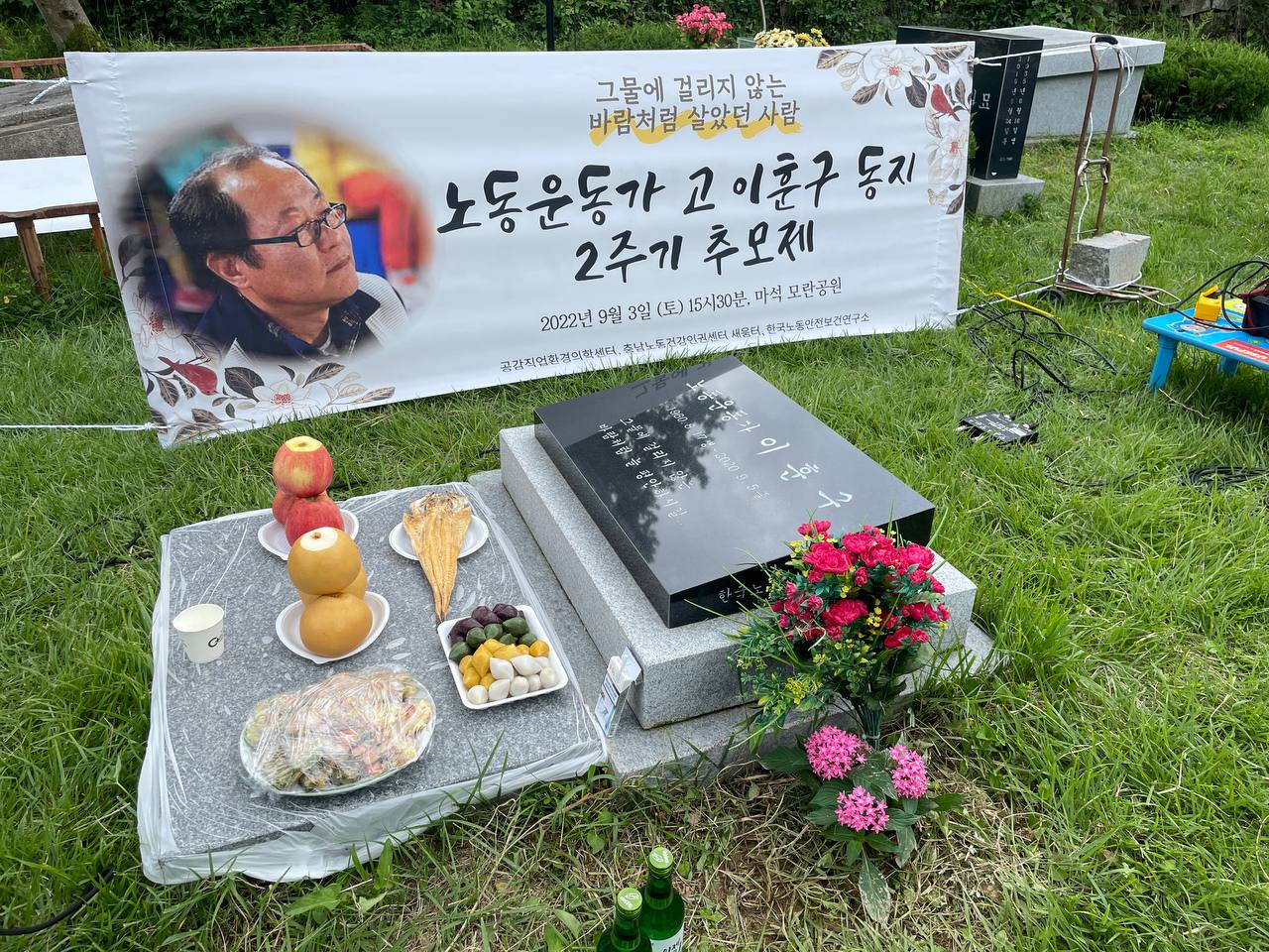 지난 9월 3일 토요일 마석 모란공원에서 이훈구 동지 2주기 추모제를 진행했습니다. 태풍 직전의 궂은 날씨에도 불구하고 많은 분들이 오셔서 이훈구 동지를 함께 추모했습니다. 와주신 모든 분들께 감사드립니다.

______

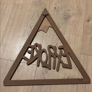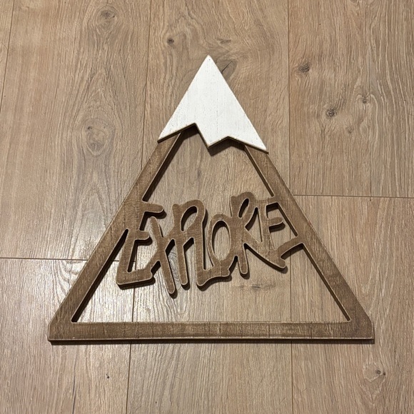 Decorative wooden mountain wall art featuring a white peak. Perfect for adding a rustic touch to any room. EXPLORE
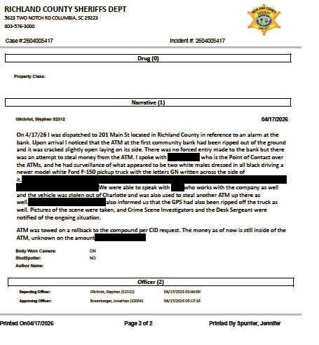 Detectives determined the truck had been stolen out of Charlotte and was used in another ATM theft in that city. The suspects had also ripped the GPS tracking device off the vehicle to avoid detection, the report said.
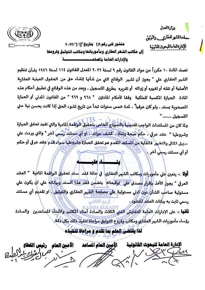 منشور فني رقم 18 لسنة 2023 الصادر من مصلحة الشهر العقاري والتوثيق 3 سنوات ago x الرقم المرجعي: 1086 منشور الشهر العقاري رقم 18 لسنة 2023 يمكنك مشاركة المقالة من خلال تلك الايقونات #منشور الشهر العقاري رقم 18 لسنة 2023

______

◆ ACTIVITY: Among the entries above, find the line with "Detectives determined the" and repeat exactly from there through the line with "منشور فني رقم", leaving out the pictures.

◆ THE COMPLETED TASK:
 Detectives determined the truck had been stolen out of Charlotte and was used in another ATM theft in that city. The suspects had also ripped the GPS tracking device off the vehicle to avoid detection, the report said.
 منشور فني رقم 18 لسنة 2023 الصادر من مصلحة الشهر العقاري والتوثيق 3 سنوات ago x الرقم المرجعي: 1086 منشور الشهر العقاري رقم 18 لسنة 2023 يمكنك مشاركة المقالة من خلال تلك الايقونات #منشور الشهر العقاري رقم 18 لسنة 2023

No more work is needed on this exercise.